PROMPT — The answer should hold only the lines from the one containing "This gorgeous cremation" through the one containing "Claire, Bill, Elena" in the entries below, copied exactly, without pictures.

RECORDS FOR THE TASK —

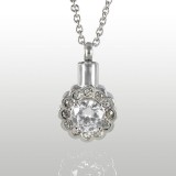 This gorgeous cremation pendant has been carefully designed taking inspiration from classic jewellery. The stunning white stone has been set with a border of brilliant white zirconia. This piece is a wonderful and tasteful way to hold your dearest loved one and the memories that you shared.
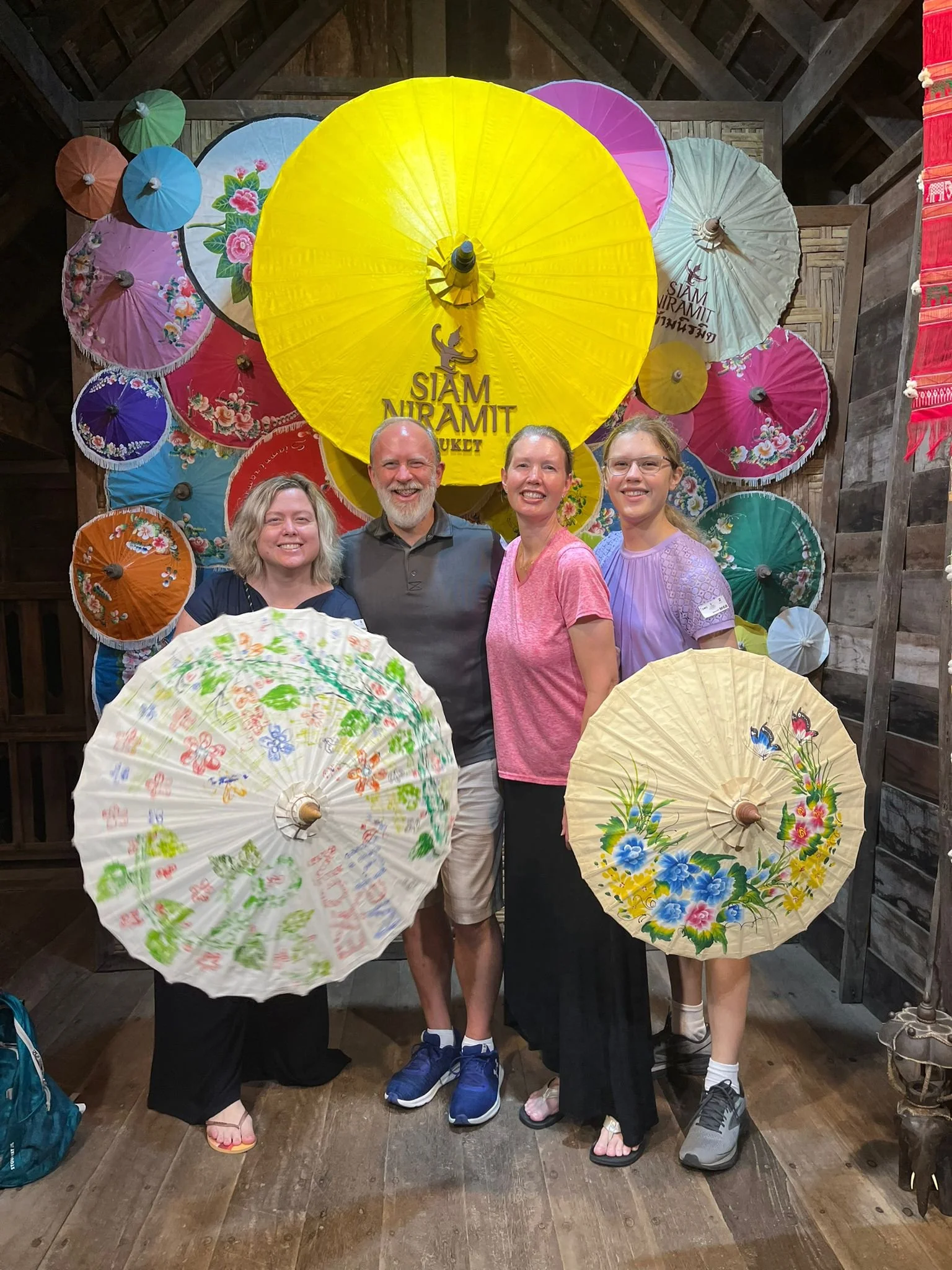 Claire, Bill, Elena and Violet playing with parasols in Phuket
--
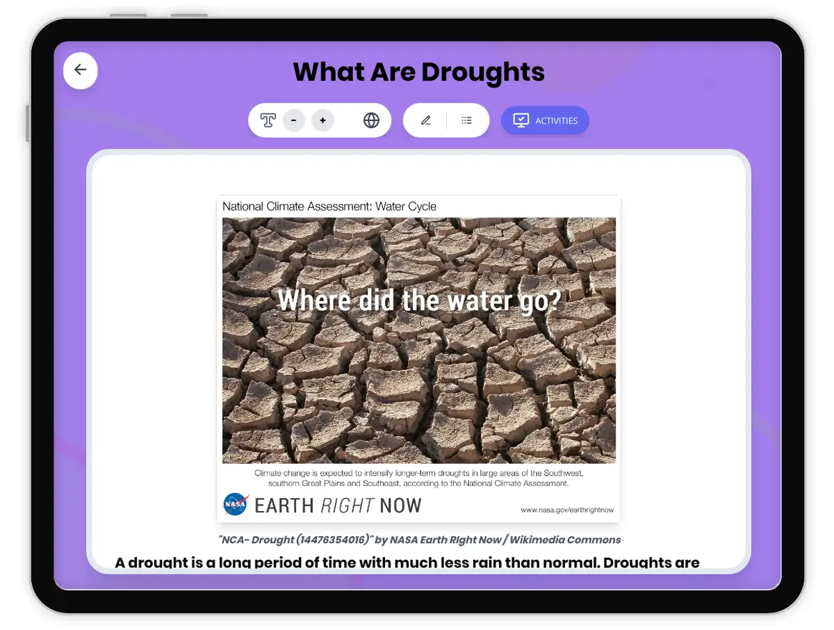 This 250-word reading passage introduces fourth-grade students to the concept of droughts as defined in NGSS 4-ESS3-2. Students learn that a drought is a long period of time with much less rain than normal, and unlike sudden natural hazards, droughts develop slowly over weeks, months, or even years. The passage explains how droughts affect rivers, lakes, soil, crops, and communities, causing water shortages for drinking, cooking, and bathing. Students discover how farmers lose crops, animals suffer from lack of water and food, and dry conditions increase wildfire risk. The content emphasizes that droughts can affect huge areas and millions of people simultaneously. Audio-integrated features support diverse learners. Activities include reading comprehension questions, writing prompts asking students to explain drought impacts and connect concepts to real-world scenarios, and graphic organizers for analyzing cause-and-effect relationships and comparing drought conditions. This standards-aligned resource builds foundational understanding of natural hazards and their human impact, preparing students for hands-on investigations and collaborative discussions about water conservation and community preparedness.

COMPLETED EXERCISE —
 This gorgeous cremation pendant has been carefully designed taking inspiration from classic jewellery. The stunning white stone has been set with a border of brilliant white zirconia. This piece is a wonderful and tasteful way to hold your dearest loved one and the memories that you shared.
 Claire, Bill, Elena and Violet playing with parasols in Phuket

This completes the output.